Neue EEG-Framework erkennt Emotionen in Serious Games präzise
Ein neu entwickeltes, mehrschichtiges EEG-Framework liefert erstmals eine umfassende Klassifikation von Emotionen in Serious Games. Das System nutzt das GAMEEMO-Datensatz, der 14‑Kanäle EEG-Aufzeichnungen und kontinuierliche Selbstberichte von 28 Probanden in vier spielbasierten Szenarien enthält.
Die Pipeline kombiniert eine strukturierte Vorverarbeitung mit zeitlichen Fenstersegmentierung, statistischen und frequenzbasierten Merkmalen sowie Z‑Score‑Normalisierung, um robuste Eingabevektoren zu erzeugen.

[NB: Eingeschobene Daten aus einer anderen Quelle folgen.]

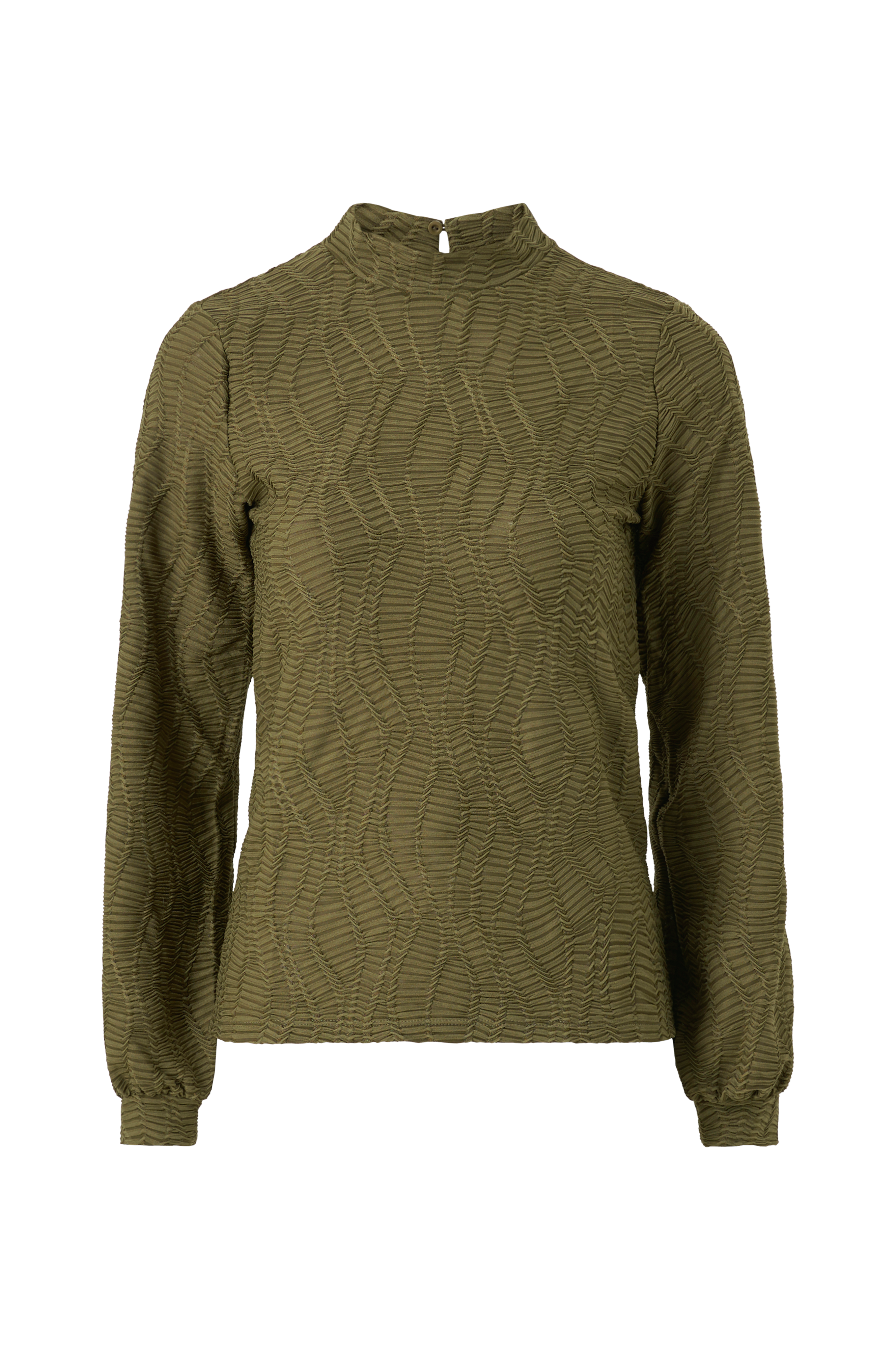 • Mønstervævet model• Halvhøj krave med knapper i nakken• Langt ærme

Emotionen werden in drei Ebenen kodiert: (1) binäre Valenzklassifikation, (2) Mehrklassenklassifikation des stärksten emotionalen Zustands und (3) feingranulare Mehrlabels mit zehn ordinalen Klassen.
Für die Modellierung wurden klassische Algorithmen wie Random Forest, XGBoost und SVM sowie tiefes Lernen mit LSTM, LSTM‑GRU und CNN‑LSTM getestet. Das LSTM‑GRU-Modell erzielte dabei konsequent die besten Ergebnisse und demonstriert damit die Leistungsfähigkeit hybrider Deep‑Learning‑Ansätze für die EEG‑basierte Emotionsanalyse.